By Nicole Hamilton, nhamilton@enquirer.com
The Cincinnati Enquirer

        Keeping track of patient records posed a challenge in the years beforeelaborate computer programs with fancy spreadsheets.

        But things got easier in 1960, when Dr. Robert J. Kalthoff, then a Cincinnati-based psychiatrist, developed one of the first automated document storage and retrieval systems, based on his extensive research on how the brain stores memory.

        Dr. Kalthoff, former assistant clinical professor in the psychiatry department at the University of Cincinnati's College of Medicine, died Aug. 30 at the family summer home in Port Huron, Mich. The longtime Hyde Park resident was 76.

        “He was a Renaissance man,” said his daughter, Nan McKenzie of Washington D.C.

        “He was able to take different skills and apply them to different areas of his life.”

        Besides being a successful psychiatrist and entrepreneur, Dr. Kalthoff was an accomplished pianist and choral conductor who, during medical school, spent a year studying choral conducting at the Juilliard School of Music in New York.

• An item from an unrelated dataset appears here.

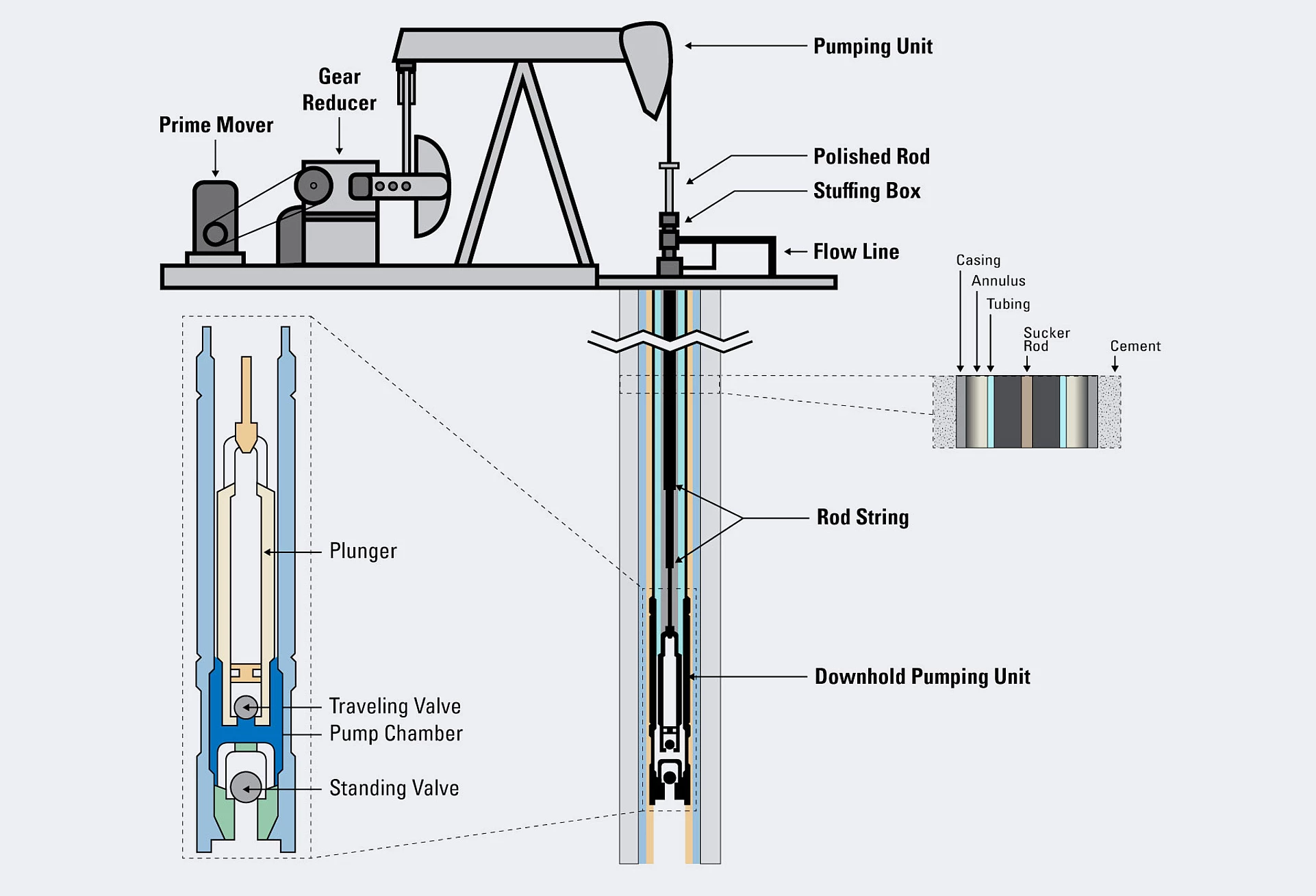 Nach Beendigung der Bohrphase wird das Bohrloch (Sonde) durch den Einbau eines Filterrohres (Casing) und eines Steigrohres (Tubing) im Bereich der Lagerstätte ausgerüstet. In der ersten Phase fließt das Erdöl im Idealfall aufgrund des natürlichen Lagerstättendrucks selbsttätig zu den Produktionssonden und gelangt so von selbst an die Erdoberfläche. Sinkt der Druck, ist der Einsatz zusätzlicher Techniken wie etwa des Gasliftverfahrens erforderlich, bei dem verdichtetes Gas in den Förderstrang eingepresst wird, woraufhin das aufwärtssteigende Gas das Gewicht der Flüssigkeitssäule vermindert und die Sonde weiterhin selbstständig fördern kann. Nach dieser sogenannten Eruptivphase werden, abhängig von den Eigenschaften des Erdöls, seinem Gehalt an Erdölgas und den jeweiligen Druckverhältnissen, unterschiedliche Pumptechniken eingesetzt. Bei geringem Gasgehalt des Erdöls und sinkenden Druckverhältnissen übernehmen in die Sonde eingebaute Tiefpumpen den Transport. An der Erdoberfläche ist nur der Antrieb, der typische Pferdekopf, zu sehen. Bei hohen Förderraten werden elektrische Tauchkreiselpumpen in die Sonde eingebaut.

        Raised in Detroit, Dr. Kalthoff was sponsored by the U.S. Navy to attended Marquette University Medical School in Milwaukee, where he earned a medical degree in 1948.

        Two years later, he entered the U.S. Air Force and was stationed in Puerto Rico. Honorably discharged as a captain in 1954, he returned to Detroit and began his medical internship at Harper Hospital.

        He completed his residency training in neurology and psychiatry at City Hospital in New York before moving to Cincinnati in 1955 for a psychiatry residency at Cincinnati General Hospital (now University Hospital), where he became chief resident of the department.

        Dr. Kalthoff served as a clinical professor in the psychiatry department at the University of Cincinnati's College of Medicine until 1975.

        He also had a private practice in Clifton until the late 1960s.

        Along with his colleague, Dr. Paul Ornstein, Dr. Kalthoff in 1960 developed and patented the original concepts for an automated document storage and retrieval system in 1960.

        In 1963, he raised $9 million in capital to start Access Corp. in Blue Ash to manufacture and sell the system. He served as president of Access until the mid-1980s. (He served as president of the company's board until 1997.).

        He authored more than 100 internationally published papers on micrographics and record automation.

        A book he co-authored, Productivity and Records Automation, published by Prentice-Hall, won the International Award as book-of-the-year in 1982.

        In 1992, he earned the Association of Information and Image Management (AIIM) Carl E. Nelson Award for excellence in engineering information management. He was named to the AIIM International Company of Fellows in 1995.

        A member of the Literary Club since 1967, Dr. Kalthoff was a great supporter of the arts.

        His wife, Nancy Kalthoff, preceded him in death in 1994.

        In addition to his daughter, survivors include another daughter, Janine of Alexandria, Va.; three sons, R. Michael of Amberly Village, Stephen of Burke, Va., and Timothy John of Mount Healthy; and seven grandchildren.

        Services have been held.

        Burial was in Gate of Heaven Cemetery, Montgomery.

        Memorials: University of Cincinnati College-Conservatory of Music, 2624 Clifton Ave., Cincinnati 45221.